|
Mark Davis / http://www.macchiato.com/ |
Durable Java | Immutables | Abstraction | Serialization | Liberté, Égalité, Fraternité | Hashing and Cloning
|
[Note to the editor: here is the contents of the left-hand first-page information. Both it and the column title have changed.] Design your code from the start to be durable--so it can evolve without breaking your clients' code.
Dr. Mark Davis is lead architect at IBM's Center for Java Technology, Silicon Valley, co-founder and president of the Unicode Consortium, and architect for the bulk of JDK1.1 internationalization. [Note to the editor: end of first-page left-hand information.] |
During the recent holidays, my extended family played a great set of Dictionary games.
For those of you who have never played it, the rules are pretty simple. All you need is an unabridged dictionary, pencils and paper. In each round, one person is the dealer. He looks up an obscure word in the dictionary, and writes down the definition. Each of other players writes down a counterfeit definition, and gives it to the dealer. The dealer then reads off all the definitions, and all the other players vote for one (other than their own).
For each vote for a counterfeit definition, the dealer and the counterfeit's author each get a point. For each vote for the right definition, the voter gets one point. So the strategy is for the dealer to pick a word with the most implausible real definition, and the other players to write the most plausible counterfeit definition. You get some really creative counterfeits--and some very funny real words.
So let's take an example: which of the following looks the most plausible?
im·mu·ta·ble /i(m)·'myû·tù·bùl/ adj. Not capable of or susceptible to change. [Middle English, from Latin immutabilis, from in- + mutabilis mutable. 15th century.]
That by two immutable things, in which it was impossible for God to lie, we might have a strong consolation. Heb. vi. 18.

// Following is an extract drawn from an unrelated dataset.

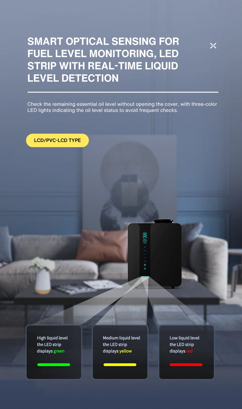 Check the remaining essential oil level without opening the cover, with three-color LED lights indicating the oil level status to avoid frequent checks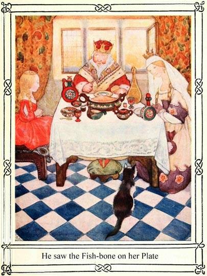 With those words, Grandmarina vanished, and the King went on and on and on, till he came to the office. There he wrote and wrote and wrote, till it was time to go home again. Then he politely invited the Princess Alicia, as the Fairy had directed him, to partake of the salmon. And when she had enjoyed it very much, he saw the fish-bone on her plate, as the Fairy had told him he would, and he delivered the Fairy’s message, and the Princess Alicia took care to dry the bone, and to rub it, and to polish it till it shone like mother-of-pearl.

im·mu·ta·ble /i(m)·'myû·tù·bùl/ adj. Not capable of being mute. [extension of Middle English muet, from Middle French, from Old French mu, from Latin mutus, probably from mu, representation of a muttered sound. 19th century.]
Percy blathered on and on despite Lizzy's best efforts to restrain him."That man is immutable!" she thought. Jane Austen
For Java, the correct answer (the first definition) is very important, since the concept of immutable objects is crucial to designing durable APIs--and also a major factor in performance.
So what are immutable objects? They are objects that cannot be changed once they are created. There are a number of significant advantages to them:
The main disadvantage of immutable objects can be performance, so it is important to know when and where to use them.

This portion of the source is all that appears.